The command I used to run Scrapy was:
scrapy crawl aozora -s JOBDIR=crawls/aozora1from within the tutorial directory. To explain, I'm setting a directory to keep track of the pages crawled so I can pause the job and come back to it later without re-crawling all the pages. It also means I can run the crawl every couple of months to obtain newly-added texts without re-crawling all of Aozora (and taking another 24+ hours to do so). The directory contains the files that keep track of which pages have been crawled in that job.
Post-processing to segment and remove ruby
Of course, plain Japanese text is not very interesting to us.
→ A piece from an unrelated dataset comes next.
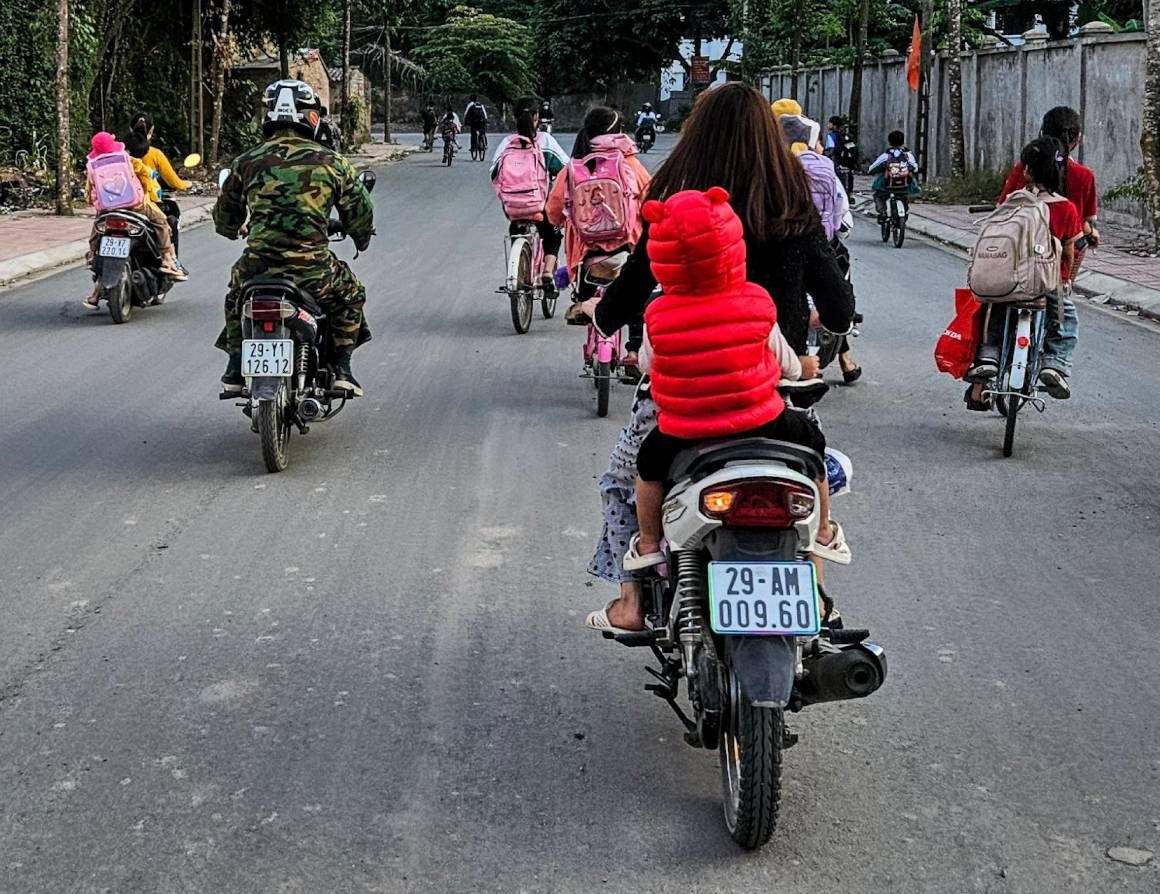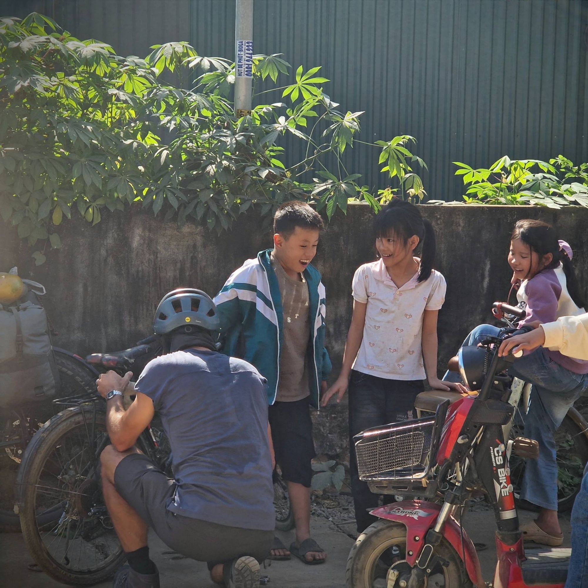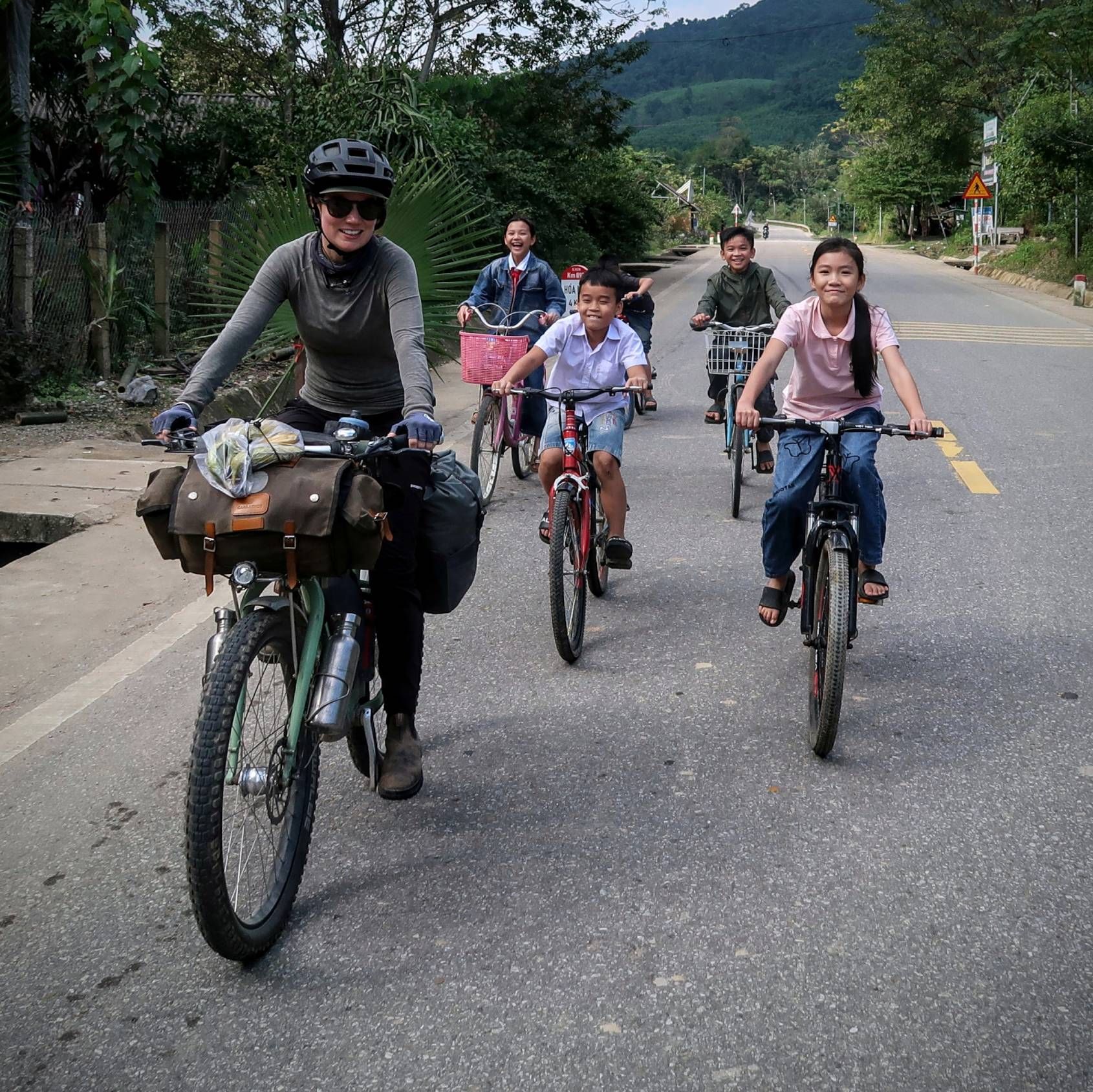 The whole experience meant that looking up and appreciating the beauty of the thick jungle blanketed hills, or the peachy golden tones of the setting sun became harder and harder to do. But the people of Vietnam somehow managed to pull us out of this with every interaction, like microdoses of joy that kept our heads above water everyday. Their smiles and waves were so cheerful. Such a contradiction to the environment within which they were living. Our favourite time of day quickly became the beginning or the end of the school day, when the children would all jump on their bikes to and from home. For a few minutes of each day we would be joined by a cheering, laughing gang with an accompanying soundtrack of ‘hello’ [giggle] ‘what is your name’ [giggle] ‘goodbye’ [giggle]. It seemed that this bright, cheery, disposition wasn’t even something that diminished with age, instead the adults faces also lit up with smiles, accompanied by big waves as we passed by.

The reason is that there are no spaces between words, so raw Aozora files can't be used with typical visualization and other text analysis "tools" meant for languages with whitespace dividing words, or tokens. The first step in my original script was to remove ruby, using regular expressions, but in my most recent crawl I decided to preserve them so I can later create a database of these glosses and their accompanying glossed words (more below). The original script also used TinySegmenter to tokenize into words. However, going forward I'm using MeCab, another package that tokenizes as well as does POS tagging. It's much more powerful and does a much better job on tokenizing early-20th-century texts.
Here's the code I wrote to de-ruby using BeautifulSoup, a Python library for processing HTML files.
soup = BeautifulSoup(input, "xml") tagname = 'rt' for tag in soup.findAll(tagname): tag.extract() tagname = 'rp' for tag in soup.findAll(tagname): tag.extract() tagname = '!r' for tag in soup.findAll(tagname): tag.extract()
Create a CSV with metadata
What about the metadata that I put in my filenames? Here's what I grabbed:
- Aozora Bunko ID number
- Original place of publication (if available)
- Original publication date (if available)
- Typist for Aozora Bunko (inputter) (if available)
- The name of the source text for the Aozora version (if available)
- Publication date of the source text for Aozora version (if available)
Here's an example of some filenames:
2_素木しづ子_三十三の死_xxxx_xxxx_小林徹_「現代日本文學全集 85 大正小説集」筑摩書房_1957.txt 195_渡辺温_可哀相な姉_「新青年」_1927_森下祐行_「アンドロギュノスの裔」薔薇十字社_1970.txt
Future steps and why I'm interested in this metadata
So why this specific metadata? I'm not just interested in the "original" texts. For a long time, my research has been interested in how texts are passed down to us and what versions we end up with. I hope in the future to look at who has entered what, perhaps talk to those individuals or present them with interview questions to find out more about their interests and backgrounds, and also to look at what the typical year range and type of source text is. For example, do they come from early editions or later edited complete works editions? Other anthologies? Cheap paperback printings? How did Aozora itself come to be constructed, and what is it that we're actually presented with in the archive?
Other colleagues of mine are interested in analyzing the content of the works themselves. They are not as interested in ruby glosses, whereas I hope to make a database of those specifically in the future.
Because of these multiple potential uses, I simply tried to get the most information both in and about the texts, for later filtering depending on one's research interests. I hope this script and corpus can be useful to others going forward, who may be doing research I could never have foreseeen!